Ce vieux monsieur, musulman convaincu et tellement pratiquant qu’il essuie sans cesse sa bouche pour ne pas avaler sa salive en période de ramadan, amoureux de son pays comme seul peut l’être un ancien combattant, nous parle de son utopie d’un monde uni, égalitaire, juste et respectueux. Il dit qu’il en a assez de ces « fous qui croient détenir la vérité unique sur un Dieu » au même titre qu’il ne supporte plus de voir quelques personnes s’enrichir alors que la population souffre. Nous le voyons triste, fâchés, déçu, mais pourtant encore convaincu qu’un jour, son utopie qui frôle le « new age » verra le jour.  

Nous ne pouvons qu’être émus et attendris.

 

Dernier jour à Borobodur, nous nous levons une nouvelle fois à l’aurore afin de voir le lever du soleil derrière le volcan Merapi, sur le temple, depuis une colline environnante. Le spectacle s’annonce grandiose.

Malheureusement, la brume est de la partie et, en fait de spectacle magique, nous verrons… un superbe écran blanc ! Déçus…

Borobudur
 
Borobudur

 

Nous quittons Borobudur riches de belles expériences, rencontres et découvertes, mais très fatigués.

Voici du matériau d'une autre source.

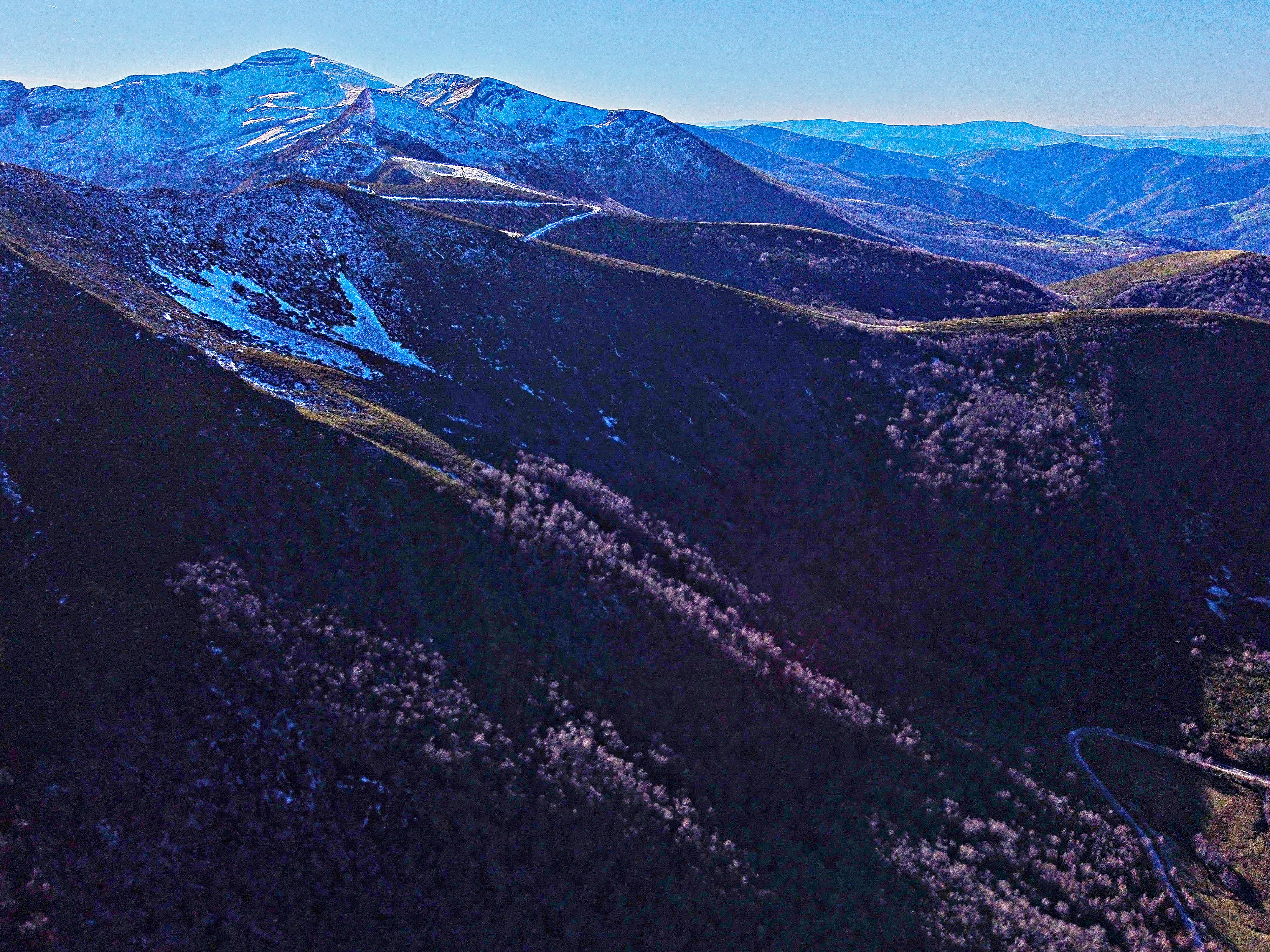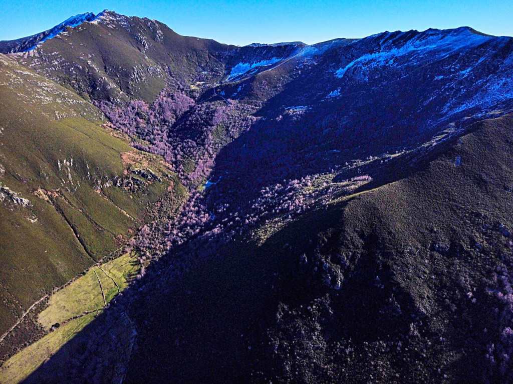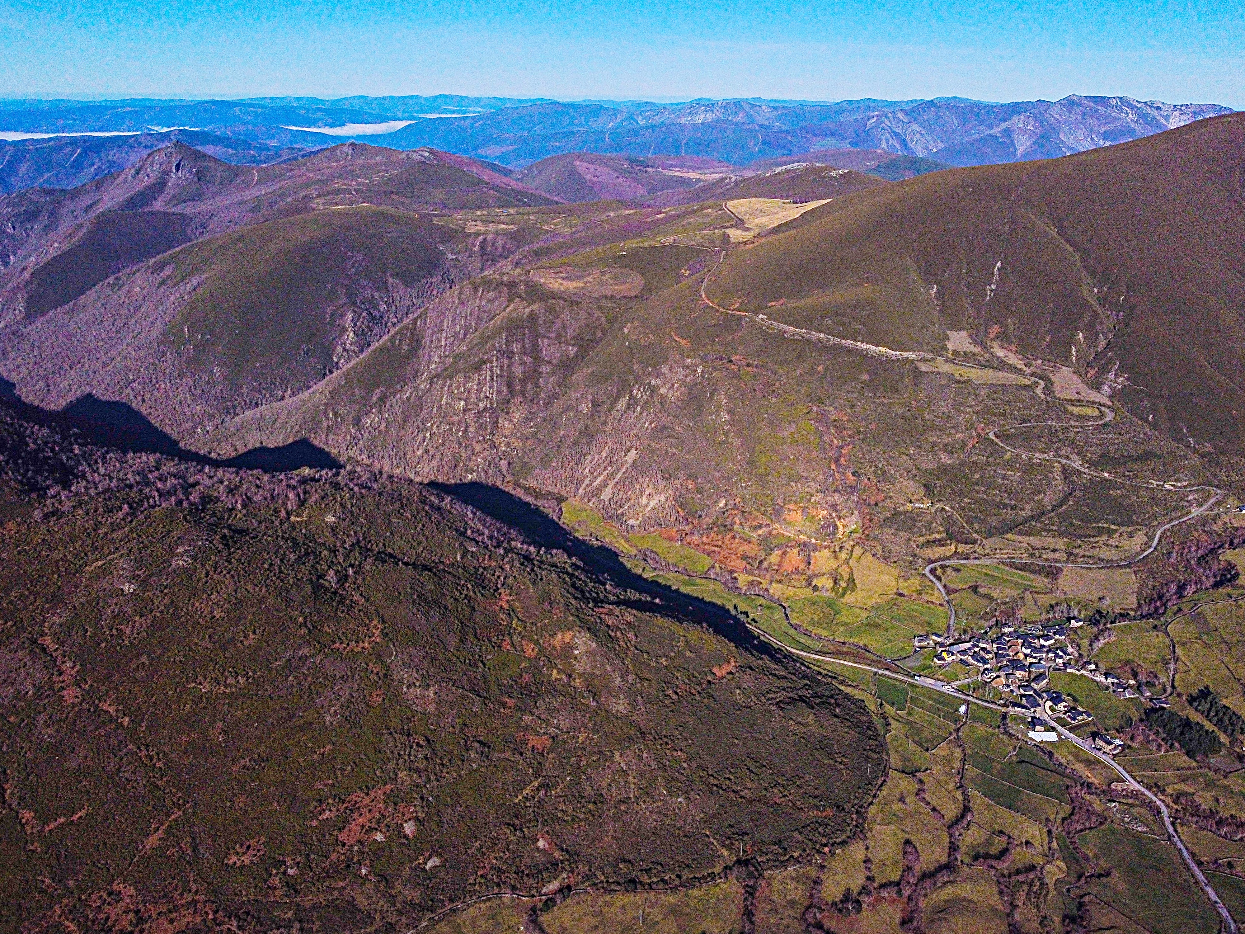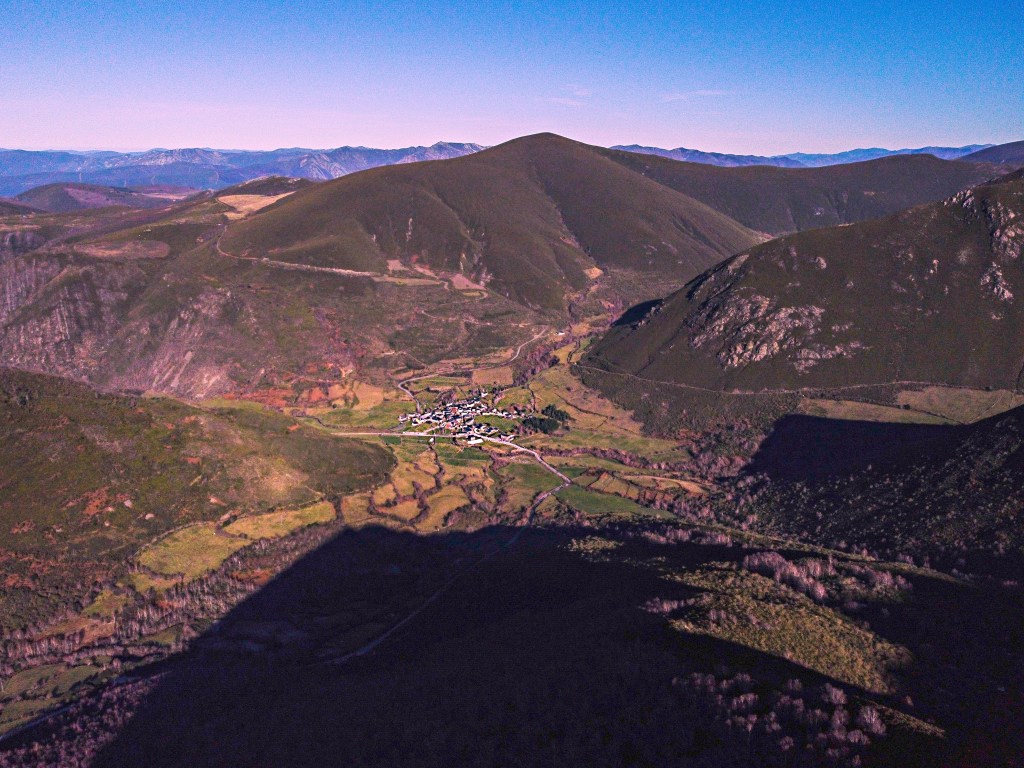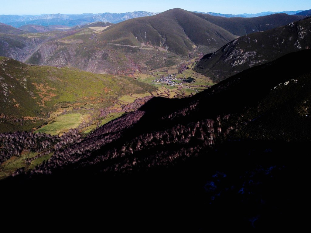 La vertiente del imponente Miravalles (1969 m), al fondo a la izquierda, comienza a vestirse de blanco con las primeras nieves invernales. Este pico se considera uno de los más atractivos balcones de Los Ancares en el que, al pie de sus faldas, se ubica estratégicamente el fascinante poblado que nos ocupa.

Eh oui, notre hôtel était situé juste à côté de la mosquée principale, notre chambre donnait sur le haut-parleur, ou plutôt l’inverse, ce qui est une très mauvaise idée à cette période de l’année ! Prière toute la soirée, prière à minuit, à deux heures, à quatre heures… Et avec les tambourins, s’il vous plaît ! Au moins avons-nous maintenant une idée plus précise de ce que représente ramadan, en dehors du fait de jeûner.

 

 

Commentaires

 Flore
En préparation de mon voyage en Indonésie je faisais un tour sur ton blog et cet article m'a donné très envie de découvrir Borobudur de la même façon que vous. Etre proche des locaux et découvrir leur culture. Comment êtes-vous rentrés en contact avec eux ? via l'ONG ? Merci d'avance pour ta réponse et si tu veux partager d'autres moments que tu as vécu, n'hésite pas. Cela enrichira surement mon voyage. Flore
 Cass
Magnifique la région de Borobodur! Et je remarque que les "conditions ambiantes" modifient beaucoup l'expérience de la découverte de ces lieux... Mêmes lieux, mais à chacun son expérience propre.